__Required work__
Wherever a picture appears in the listing, leave it out, and copy the rest exactly.

__Recorded information__
-.-.-
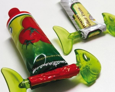 Для экономных и расчетливых Плюшкиных русский интернет-магазин enjoy-me.ru предлагает простую и гениальную штуковину с говорящим названием – выдавливатель для тюбиков «Последняя капля». Выдавливатель выпускается в прикольной форме рыбного скелета и нескольких цветовых решениях. Произведено приспособление из суперпрочного переработанного пластика. Стоит удовольствие всего 350 рублей.
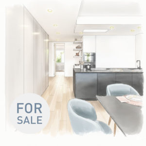 Dazu haben wir einige Wände insbesondere im Eingangsbereich und im Wohnzimmer entfernt und dem Apartment ein wirklich modernes Ambiente gegeben. Die u-förmige Küche haben wir mit einer Kochinsel aufgewertet und zur Veranda hin geöffnet. So kann man beim Kochen dem Leben draußen zuschauen. Den chaotischen Eingangsbereich haben wir entrümpelt und dafür einen neuen Kleider- und Schuhschrank eingebaut.
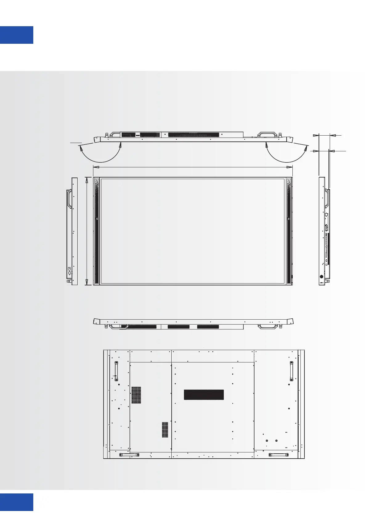 Die folgende Abbildung zeigt die Gesamtabmessungen des Monitors:
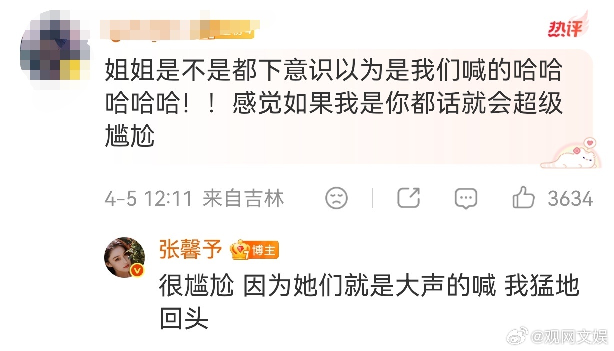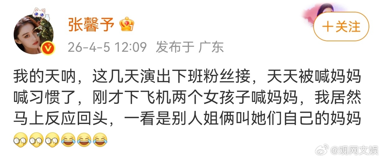 张馨予听到别人喊妈妈以为是粉丝4日,发文说下飞机时听到两个女孩喊妈妈,因为粉丝经常对她这么喊,所以她就马上回头,结果发现别人是在喊自己的妈妈。张馨予在评论说很尴尬
-.-.-
__Problem solution__
 Для экономных и расчетливых Плюшкиных русский интернет-магазин enjoy-me.ru предлагает простую и гениальную штуковину с говорящим названием – выдавливатель для тюбиков «Последняя капля». Выдавливатель выпускается в прикольной форме рыбного скелета и нескольких цветовых решениях. Произведено приспособление из суперпрочного переработанного пластика. Стоит удовольствие всего 350 рублей.
 Dazu haben wir einige Wände insbesondere im Eingangsbereich und im Wohnzimmer entfernt und dem Apartment ein wirklich modernes Ambiente gegeben. Die u-förmige Küche haben wir mit einer Kochinsel aufgewertet und zur Veranda hin geöffnet. So kann man beim Kochen dem Leben draußen zuschauen. Den chaotischen Eingangsbereich haben wir entrümpelt und dafür einen neuen Kleider- und Schuhschrank eingebaut.
 Die folgende Abbildung zeigt die Gesamtabmessungen des Monitors:
 张馨予听到别人喊妈妈以为是粉丝4日,发文说下飞机时听到两个女孩喊妈妈,因为粉丝经常对她这么喊,所以她就马上回头,结果发现别人是在喊自己的妈妈。张馨予在评论说很尴尬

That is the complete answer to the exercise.